▸ Directions
All of the data below should come back exactly as written, minus its images.

▸ Available data
* * * * * * * * *

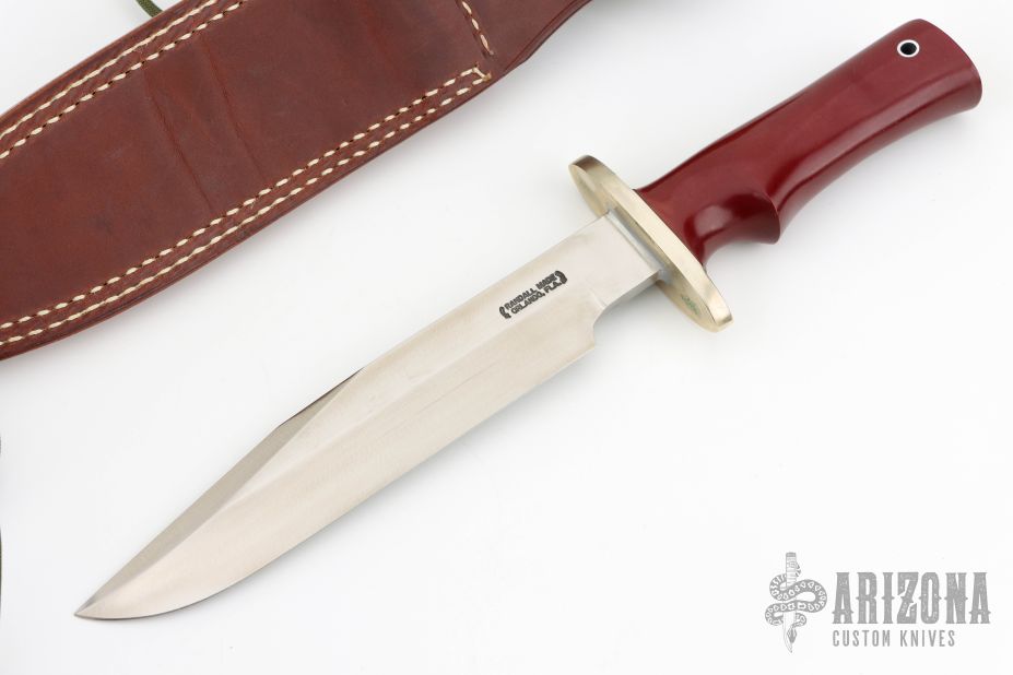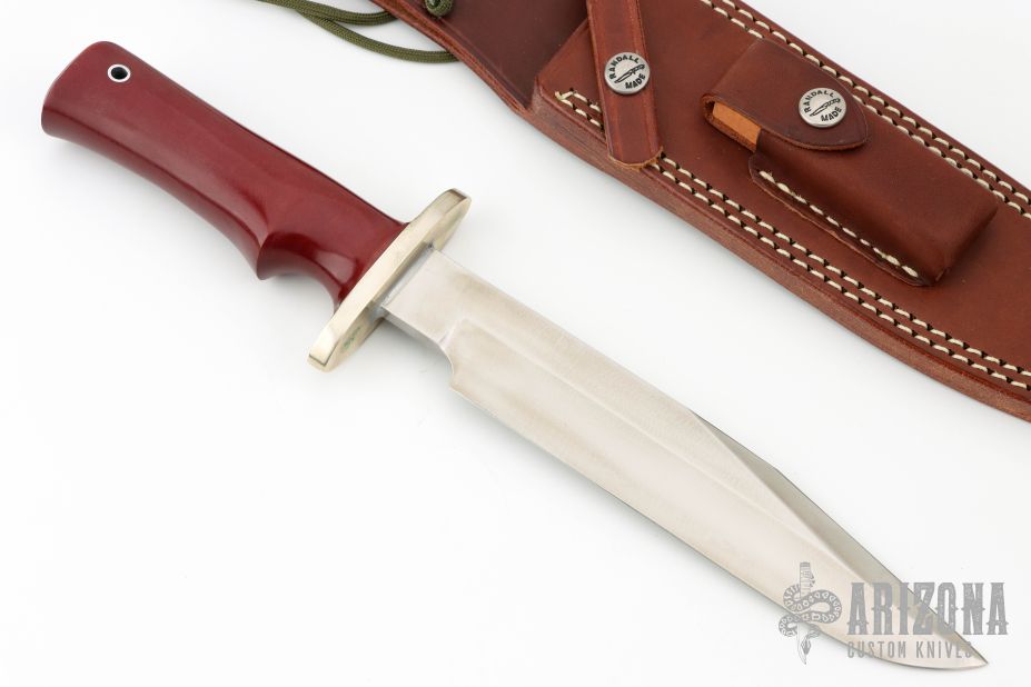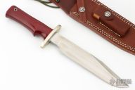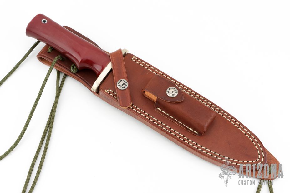 This Model 14 by Randall Made Knives features a satin finished blade with sharpened top edge, .208" blade stock. 1.330" blade depth, full tang construction. The handle has a nickel silver guard, red linen micarta handle with a lanyard hole at the butt. This knife was designed to meet the demand for an almost indestructible all-purpose knife, though it is especially suited for combat and survival purposes. Comes with a brown leather sheath. Excellent condition.
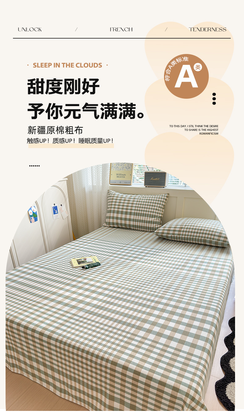 当前位置: 91家纺网 > 商品网购 > 床品套件 > 三件套 > 吉象家纺 2024新款老粗布三件套-床单款 绿格
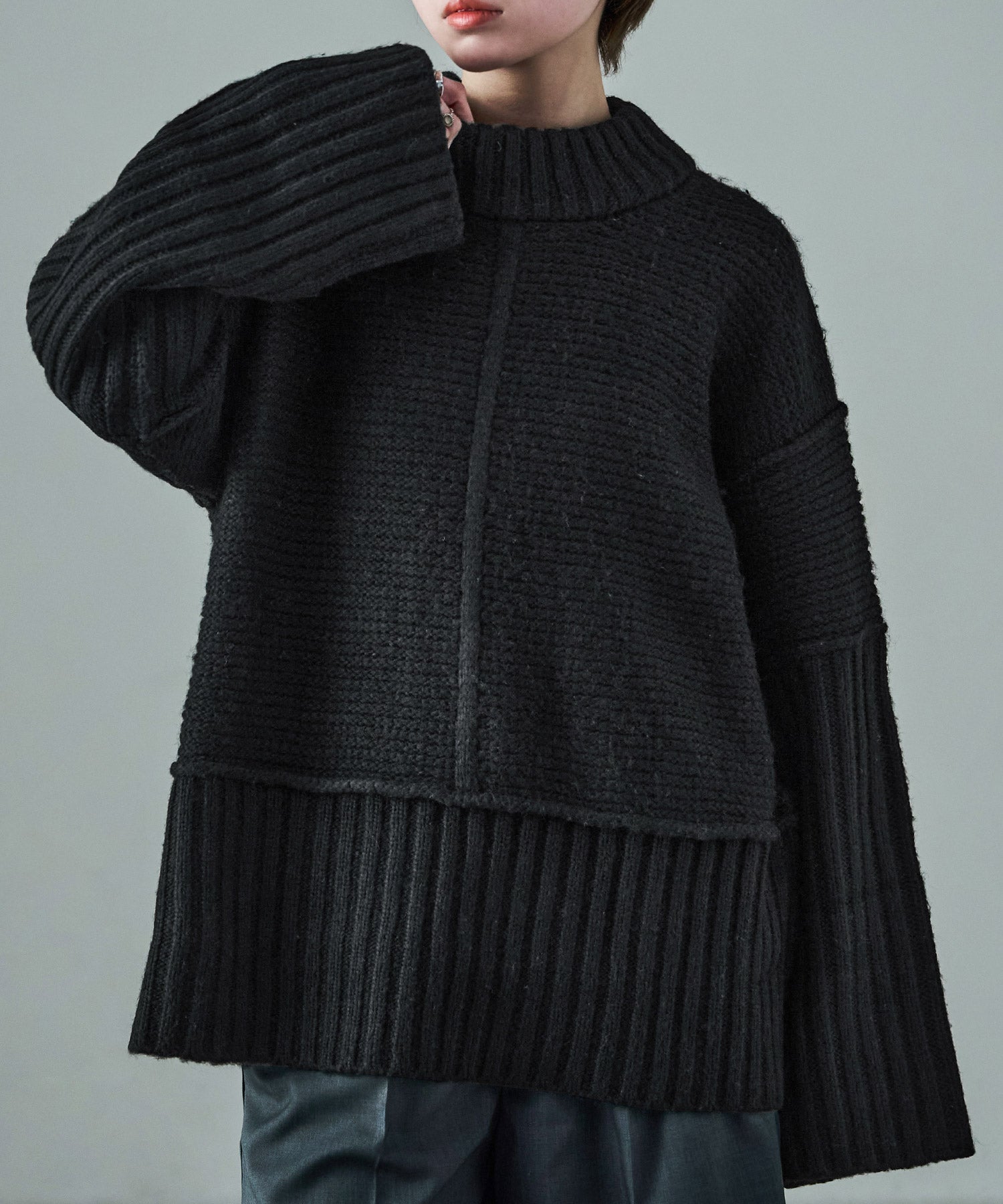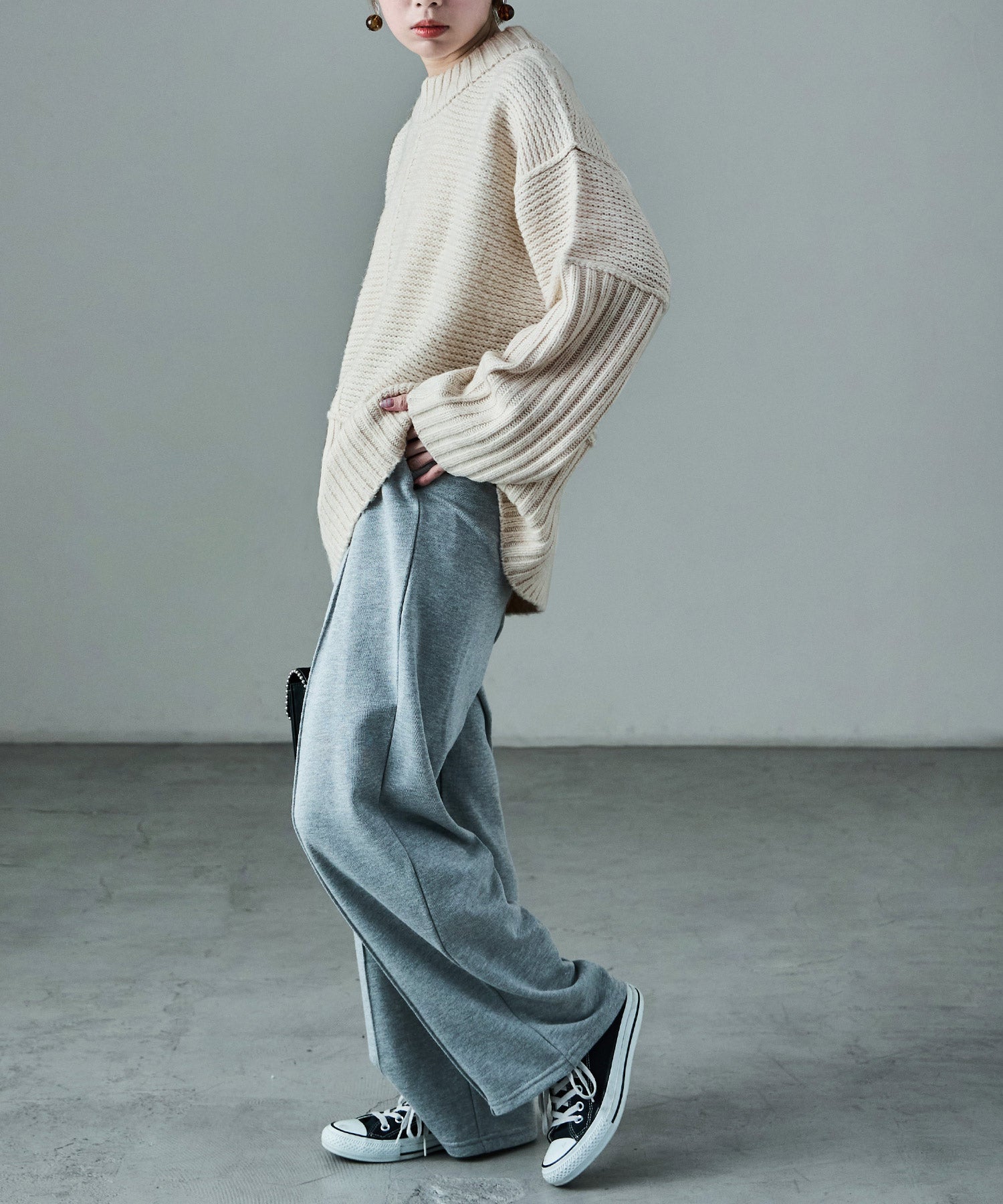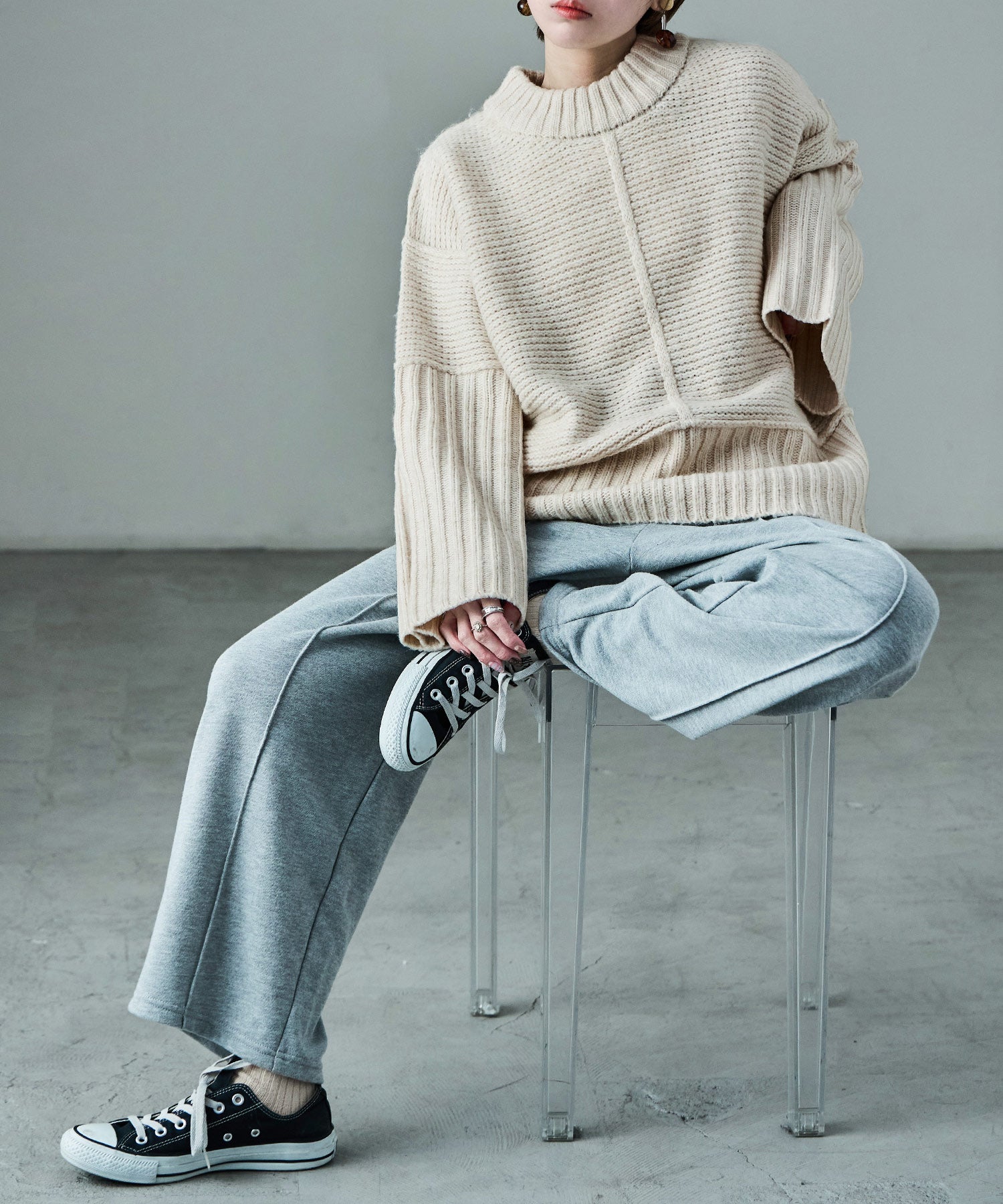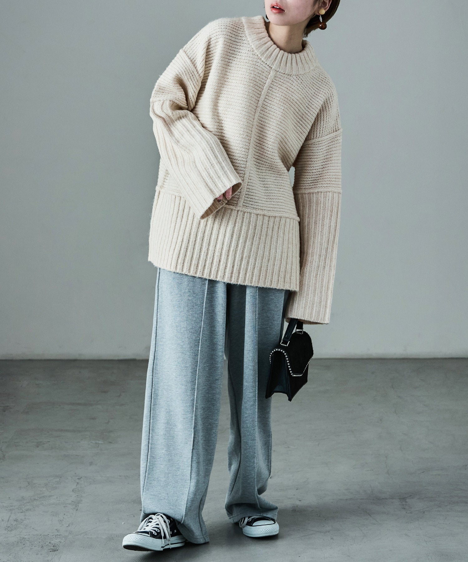 アウトシームのデザインや袖や裾の太リブ切り替えがモードな雰囲気もプラス。

* * * * * * * * *

▸ Solution to the problem
 This Model 14 by Randall Made Knives features a satin finished blade with sharpened top edge, .208" blade stock. 1.330" blade depth, full tang construction. The handle has a nickel silver guard, red linen micarta handle with a lanyard hole at the butt. This knife was designed to meet the demand for an almost indestructible all-purpose knife, though it is especially suited for combat and survival purposes. Comes with a brown leather sheath. Excellent condition.
 当前位置: 91家纺网 > 商品网购 > 床品套件 > 三件套 > 吉象家纺 2024新款老粗布三件套-床单款 绿格
 アウトシームのデザインや袖や裾の太リブ切り替えがモードな雰囲気もプラス。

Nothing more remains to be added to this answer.